As regular readers know, I have been keeping a close eye on colour. On the way out of the car dealer last Sunday I grabbed a colour and trim brochure for the Hyundai i10. What did I find?
I find British buyers are being deprived of choice. To their credit, Hyundai are making their i10 available in ten different colours. Not a single one of them is green and nor will you find yellow. This is not a surprise. On the plus side, there are two deep reds and an orange called “New Orange” in Denmark or “Sweet Orange” in Sweden. They also offer the car in a very regal blue called Morning Glory. In the UK, unsurprisingly it’s called Morning Blue instead though that sounds sad. It’s not a metallic but a flat colour, please note, and reminiscent of the nice Holland Blue Alfa Romeo had on the Giulias in the early 70s.
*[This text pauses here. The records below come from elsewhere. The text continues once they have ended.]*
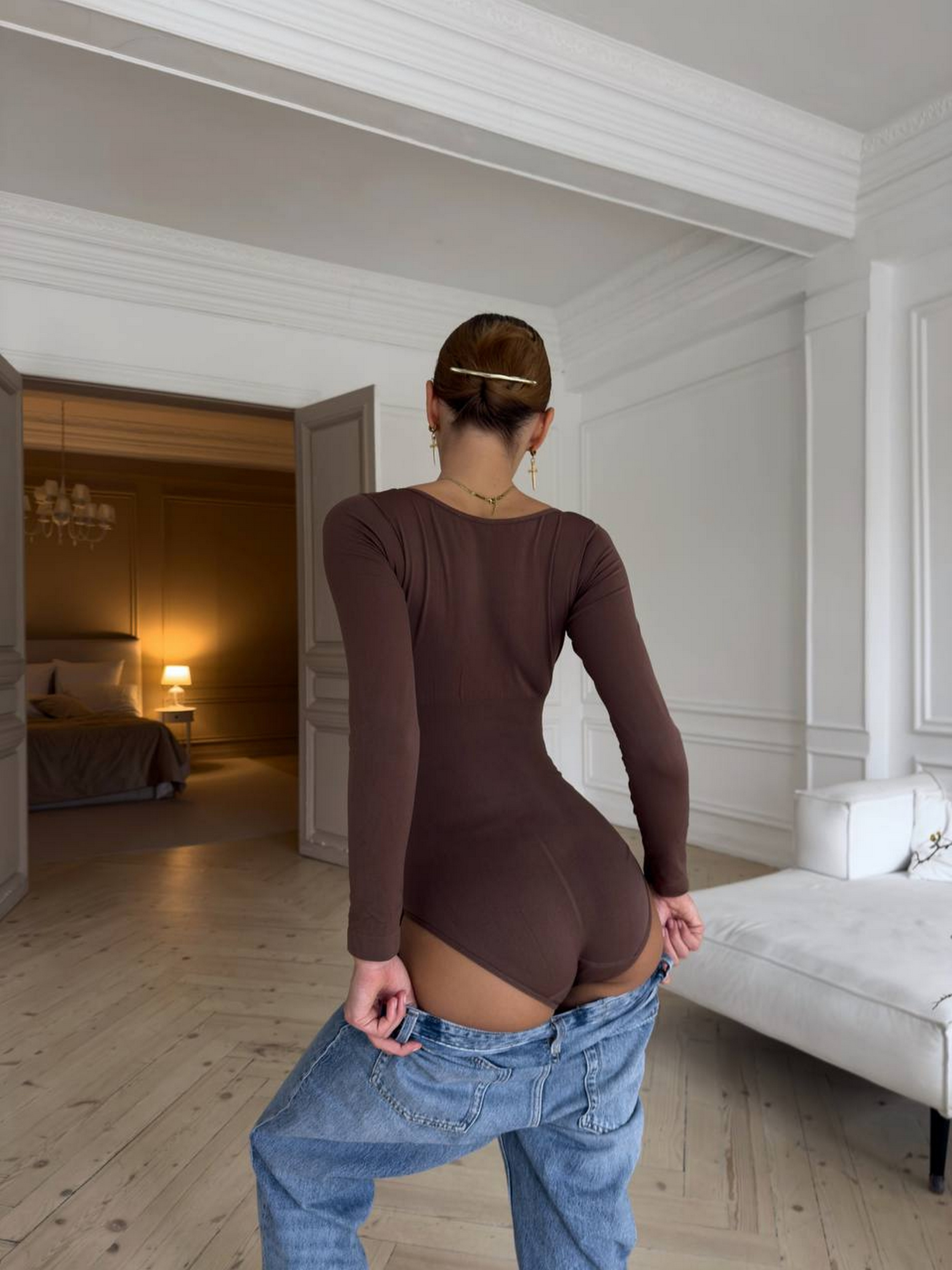 Базове боді, що замінить 5 речей у твоєму гардеробі. Піджак? Джинси? Спідниця? Ідеально під усе! Щільна еластична тканина з ефектом легкої утяжки: підтягує живіт і створює плавний силует. Зручна застібка знизу. М’яке до тіла, не просвічується, гарно тягнеться. Чорний боді з трусиками стрінг. Таблиця розмірів: S: груди 85-90, стегна 86-95 М: груди 90-95, стегна 95-100 L: груди 95-99, стегна 100-105 XL: груди 99-104, стегна 105-110 2XL: груди 104-109, стегна 110-115 3XL: груди 108-114, стегна 115-120 Товар обміну та поверненню не підлягає!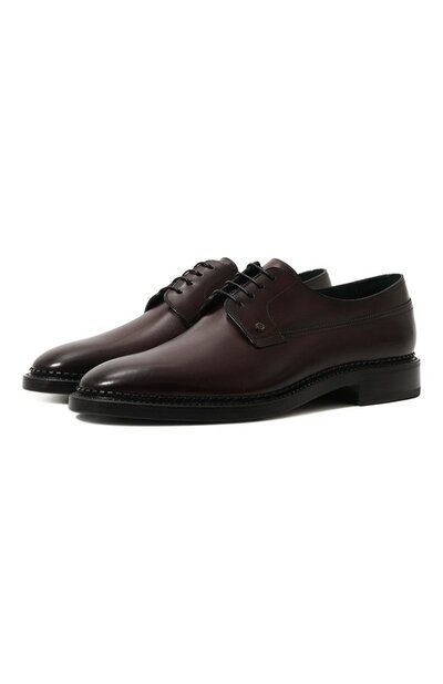 Дерби с миниатюрной фирменной эмблемой возле шнуровки стилизованы под обувь, с которой не расставались несколько лет. Мастера марки, основанной Стефано Риччи, имитировали следы времени многослойной окраской готовых туфель. На гладкую кожу нанесли пигменты разных оттенков бордового так, чтобы получились плавные цветовые переходы, а затем отполировали пару до яркого блеска.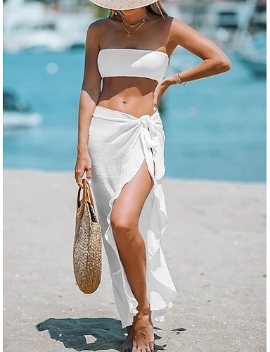 Femme Maillots de Bain Vêtement couvrant Envelopper Maillot de bain A Volants Vacances Tenues de plage Couleur unie Sans Manches Maillots de bain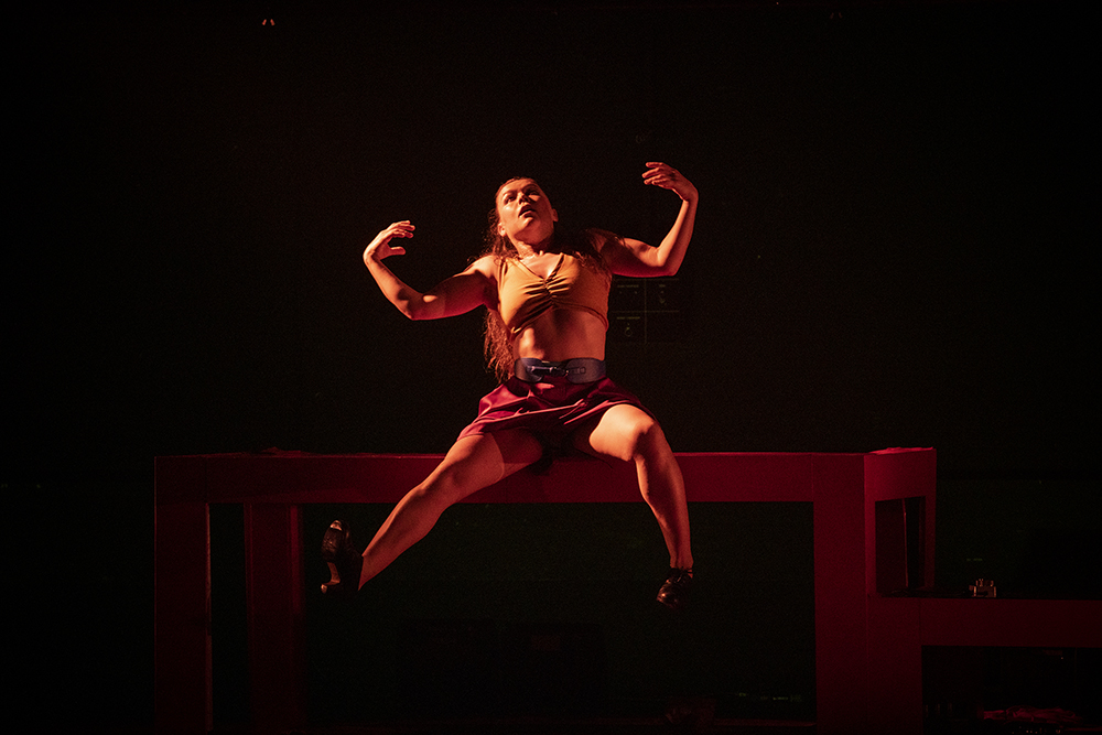 Hemos visto un ritual donde tienen cabida todas las músicas, incluida la atonal. Las láminas pulidas de madera del taller de guitarras adquieren protagonismo y vida para domar simbólicamente a la leona Pericet, enseñándola a confiar en términos de dejarse caer libremente, sin miedos, guiada por el domador luthier Abreu. El espacio es el taller en el que la madera es protagonista. Tapas de guitarra, fragmentos de mástil que sirven hasta de peineta. Aquí representa lo ancestral, espiritual, ritual, resonancia, transmisión oral, corporal y social. Eso es lo que se construye con la danza, las músicas, el vestido, la desnudez, el flamenco y el no flamenco. Un trabajo complejo que rebosa originalidad en su puesta en escena.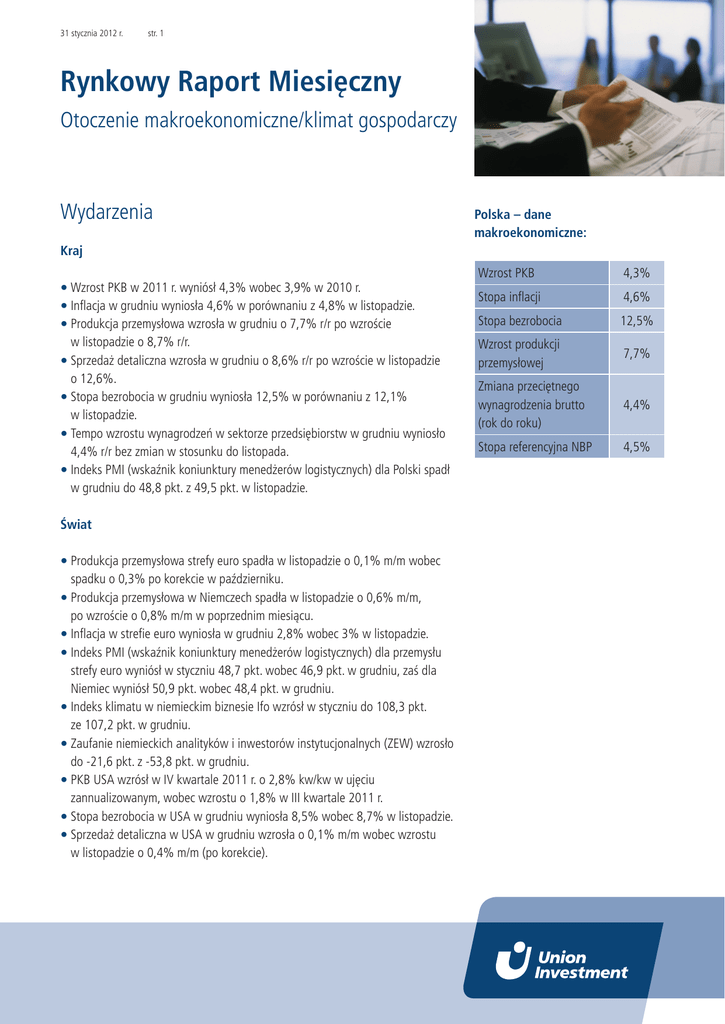 31 stycznia 2012 r. str. 1 Rynkowy Raport Miesięczny Otoczenie makroekonomiczne/klimat gospodarczy Wydarzenia Polska – dane makroekonomiczne: Kraj • Wzrost PKB w 2011 r. wyniósł 4,3% wobec 3,9% w 2010 r. • Inflacja w grudniu wyniosła 4,6% w porównaniu z 4,8% w listopadzie. • Produkcja przemysłowa wzrosła w grudniu o 7,7% r/r po wzroście w listopadzie o 8,7% r/r. • Sprzedaż detaliczna wzrosła w grudniu o 8,6% r/r po wzroście w listopadzie o 12,6%. • Stopa bezrobocia w grudniu wyniosła 12,5% w porównaniu z 12,1% w listopadzie. • Tempo wzrostu wynagrodzeń w sektorze przedsiębiorstw w grudniu wyniosło 4,4% r/r bez zmian w stosunku do listopada. • Indeks PMI (wskaźnik koniunktury menedżerów logistycznych) dla Polski spadł w grudniu do 48,8 pkt. z 49,5 pkt. w listopadzie. Świat • Produkcja przemysłowa strefy euro spadła w listopadzie o 0,1% m/m wobec spadku o 0,3% po korekcie w październiku. • Produkcja przemysłowa w Niemczech spadła w listopadzie o 0,6% m/m, po wzroście o 0,8% m/m w poprzednim miesiącu. • Inflacja w strefie euro wyniosła w grudniu 2,8% wobec 3% w listopadzie. • Indeks PMI (wskaźnik koniunktury menedżerów logistycznych) dla przemysłu strefy euro wyniósł w styczniu 48,7 pkt. wobec 46,9 pkt. w grudniu, zaś dla Niemiec wyniósł 50,9 pkt. wobec 48,4 pkt. w grudniu. • Indeks klimatu w niemieckim biznesie Ifo wzrósł w styczniu do 108,3 pkt. ze 107,2 pkt. w grudniu. • Zaufanie niemieckich analityków i inwestorów instytucjonalnych (ZEW) wzrosło do -21,6 pkt. z -53,8 pkt. w grudniu. • PKB USA wzrósł w IV kwartale 2011 r. o 2,8% kw/kw w ujęciu zannualizowanym, wobec wzrostu o 1,8% w III kwartale 2011 r. • Stopa bezrobocia w USA w grudniu wyniosła 8,5% wobec 8,7% w listopadzie. • Sprzedaż detaliczna w USA w grudniu wzrosła o 0,1% m/m wobec wzrostu w listopadzie o 0,4% m/m (po korekcie). Wzrost PKB 4,3% Stopa inflacji 4,6% Stopa bezrobocia 12,5% Wzrost produkcji przemysłowej 7,7% Zmiana przeciętnego wynagrodzenia brutto (rok do roku) 4,4% Stopa referencyjna NBP 4,5% 31 stycznia 2012 r. str. 2 Rynkowy Raport Miesięczny Otoczenie makroekonomiczne/klimat gospodarczy • Produkcja przemysłowa w USA w grudniu wzrosła o 0,4% m/m po spadku w listopadzie o 0,3%. • Ceny konsumpcyjne w grudniu (inflacja CPI) pozostały w USA bez zmian w ujęciu m/m, podobnie jak w listopadzie. • Wskaźnik ISM (odpowiednik PMI) w przetwórstwie USA wzrósł w grudniu do 53,9 pkt. z 52,7 pkt. w listopadzie. • Indeks zaufania konsumentów w USA Conference Board spadł w styczniu do 61,1 pkt. z 64,8 pkt. w grudniu (po korekcie). • Wskaźnik optymizmu konsumentów Uniwersytetu Michigan wzrósł w styczniu do 75 pkt. z 69,9 pkt. w grudniu. • W USA wskaźnik nastrojów przedsiębiorców Chicago PMI spadł w styczniu do 60,2 pkt. z 62,5 pkt. w grudniu. • W grudniu inflacja w Chinach wyhamowała do 4,1%, najniższego poziomu od 15 miesięcy, z 4,2% w listopadzie. • Indeks cen żywności na świecie FAO w 2011 r. spadł o 5,52%. Zmiana PKB w ciągu ostatnich lat – tempo wzrostu gospodarczego w Polsce utrzymuje się na wysokim poziomie Indeks 105,0 104,5 104,0 103,5 103,0 102,5 102,0 101,5 101,0 100,5 100,0 IV kwartał 2008 II IV kwartał kwartał 2009 Źródło: Reuters EcoWin II IV kwartał kwartał 2010 II kwartał 2011 31 stycznia 2012 r. str. 3 Rynkowy Raport Miesięczny Otoczenie makroekonomiczne/klimat gospodarczy Komentarz Kraj Inflacja w Polsce – wciąż wysoki poziom Indeks 105,0 W grudniu indeks PMI dla Polski obniżył się z 49,5 do 48,8 pkt. (najniższy odczyt od grudnia 2009 r.). Drugi miesiąc z rzędu indeks znajdował się poniżej poziomu 50 pkt., co oznacza obniżenie aktywności ekonomicznej. Spadek wskaźnika PMI wynika przede wszystkim z obniżenia się wskaźnika nowych zamówień (tempo spadku było w tym przypadku najszybsze od czerwca 2009 r.) i kontynuacji spadku zamówień eksportowych. Poprawił się natomiast składnik bieżącej produkcji, choć dynamika wzrostu pozostała niska. Obniżyła się również składowa PMI obrazująca zatrudnienie. Bank Światowy prognozuje, że wzrost PKB w Polsce spowolni w 2012 r. do ok. 2,5%. Zdaniem prezesa NBP Marka Belki prawdopodobieństwo obniżki stóp procentowych w najbliższym czasie maleje, gdyż skala osłabienia koniunktury może okazać się mniejsza, niż sądzono, a inflacja pozostaje wysoka. Złoty się już stabilizuje; jest szansa na jego wzmocnienie. Rada Polityki Pieniężnej nie chce za pomocą polityki pieniężnej wpływać na kurs złotego. Świat Agencja ratingowa S&P obniżyła ocenę kredytową grupie krajów strefy euro. Rating kredytowy Francji oraz Austrii został obniżony z najwyższego możliwego poziomu AAA o jeden stopień, do AA+. Również o jeden poziom zostały obniżone ratingi kredytowe Malty (z A do A-), Słowacji (z A+ do A) i Słowenii (z AA- do A+). O dwa stopnie obniżono rating Portugalii (z BBB- do BB), Włoch (z A do BBB+), Hiszpanii z (AA- do A) i Cypru (z BBB do BB+). Sprzedaż detaliczna w USA w listopadzie wzrosła o 0,1% m/m; był to najmniejszy wzrost od siedmiu miesięcy. Rezerwa Federalna (Fed) ustaliła cel inflacyjny na poziomie 2%. Amerykański bank centralny poinformował, że planuje pozostawić stopy na obecnym, „wyjątkowo niskim” poziomie przynajmniej do końca 2014 r. Indeks ZEW, określający oczekiwania ekspertów finansowych dotyczące stanu koniunktury w niemieckiej gospodarce na kolejne sześć miesięcy, wzrósł w styczniu o rekordowe 32,2 pkt. (najwięcej w ponad 20-letniej historii publikacji) – do poziomu -21,6 pkt. z -53,8 pkt. w grudniu. 104,5 104,0 103,5 103,0 102,5 102,0 101,5 sty kwi lip paź sty kwi lip paź sty kwi lip paź 2010 2011 2009 Źródło: Reuters EcoWin 31 stycznia 2012 r. str. 4 Rynkowy Raport Miesięczny Rynek akcji Wydarzenia Stopy zwrotu sektorów Kraj Styczeń 2012 IT 0,64% 0,64% 14,5 mld zł, czyli był o 38% wyższy niż rok wcześniej. • Zysk netto g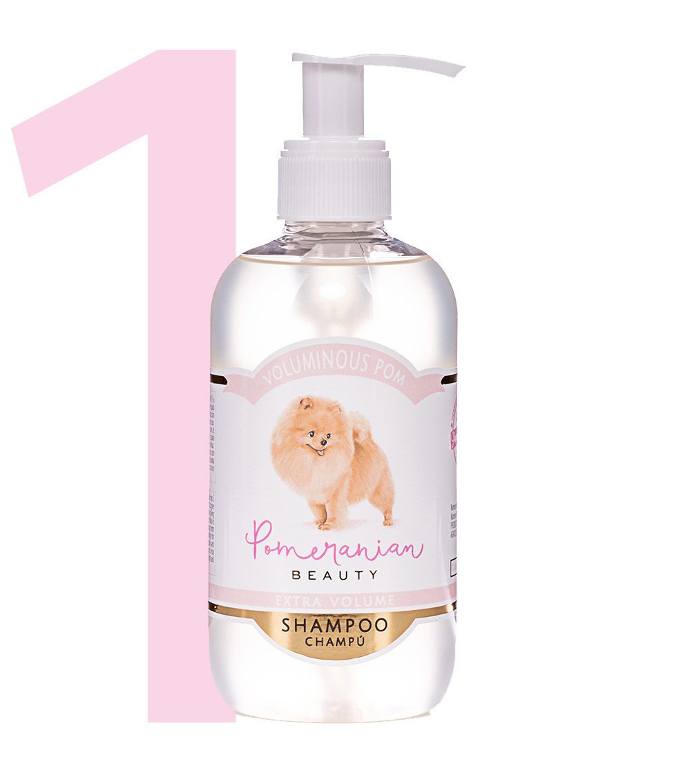 The formula of Voluminous Pom Pom Shampoo enriched with collagen, Vit E and B5 and Oligosaccharides, is a powerful vitamin cocktail specially formulated to give a spectacular volume to the Pomeranian's coat.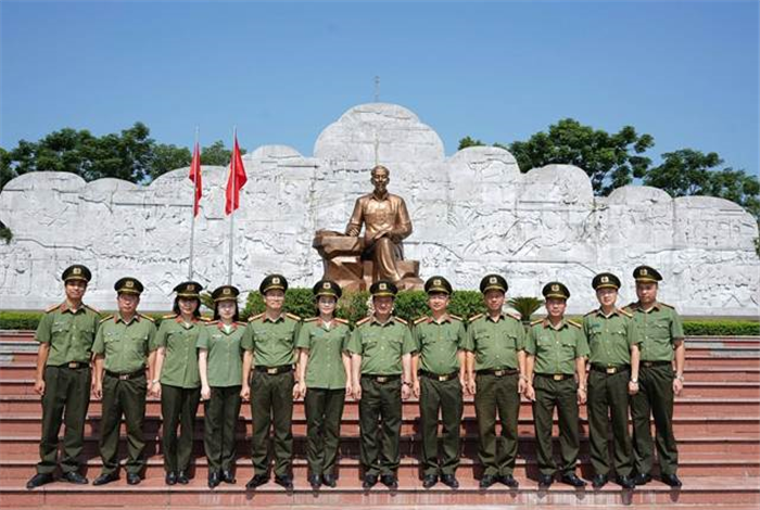 Đoàn công tác chụp ảnh lưu niệm tại Khu tưởng niện Sáu điều Bác Hồ dạy Công an nhân dân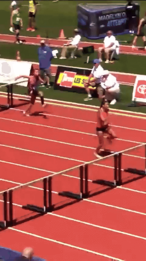 미국의 한 고등학교 육상 선수가 장애물 달리기 경기에서 금메달을 따는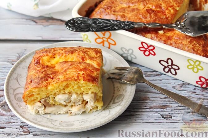 - Ингредиенты: куриное филе, сметана, твёрдый сыр, сливочное масло, яйца, мука, разрыхлитель, специи.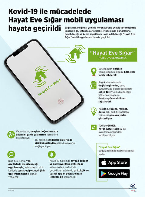 Hayat Eve Sığar uygulaması nasıl indirilir? Nasıl kullanılır? sorusu vatandaşların gündeminde. Sağlık Bakanlığı tarafından hazırlanan, 'Hayat eve sığar mobil uygulaması' Android ve App Store platformlarında yayına başladı. Uygulama, sokakta gezerken koronavirüs testi pozitif olan birisiyle karşılaşan kişiyi mesajla uyarıyor.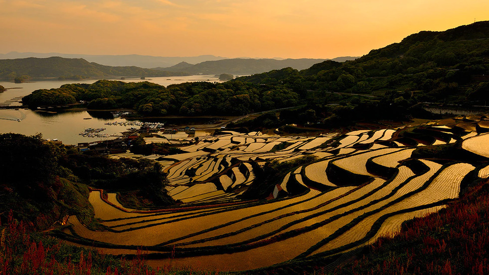 Terasele de orez Hamanoura conțin 283 de câmpuri de orez de diferite dimensiuni. Se umplu cu apă în luna mai, creând o scenă liniștită, uimitoare, cu soarele reflectându-se în apă seara. Terasele de orez sunt considerate un loc foarte romantic.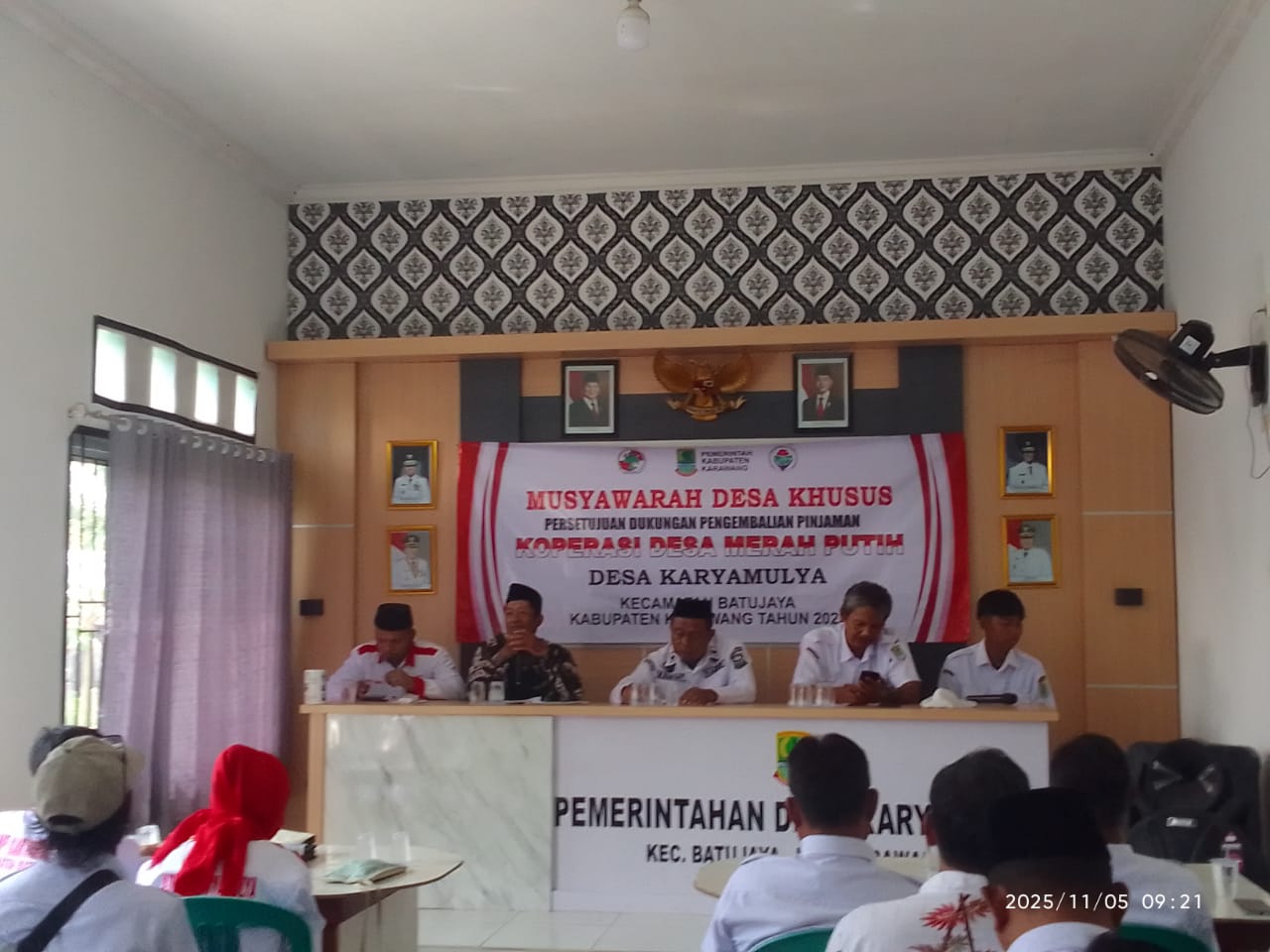KARAWANG – Pemerintah Desa Karyamulya, Kecamatan Batujaya, Kabupaten Karawang, menggelar Musyawarah Desa Khusus (Musdesus) pada Rabu (5/11/2025). Agenda utama Musdesus ini adalah persetujuan dukungan pengembalian pinjaman Koperasi Desa Merah Putih untuk menjamin keberlangsungan ekonomi desa.

Oh, you learn a lot doing your own research. The UK market has a choice of a mere six colours for the i10 and none of them are warm. All the reds, the new orange and “silky beige” are off the menu. Yes, even beige it too outre for the British. Thanks, Clarkson, you oaf. I remember him making a big deal of some car being available in [humorous pause, tuck in chin to neck] …brown.
Here is the full European market palette (below), taken from the German website of Hyundai. That beige colour is called “Cashmere Brown Metallic” there and the orange is “Mandarin Orange Metallic” in the German brochure.
The next question is this: how much is it generally true that the UK market has fewer colours than the EU market? Is Hyundai a one off or is it usual that the UK rejects warm colours. And what a curious cultural phenomenon this is, from the country that gave us dandyism and the vibrant colours of tweed and which is still home to Paul Smith.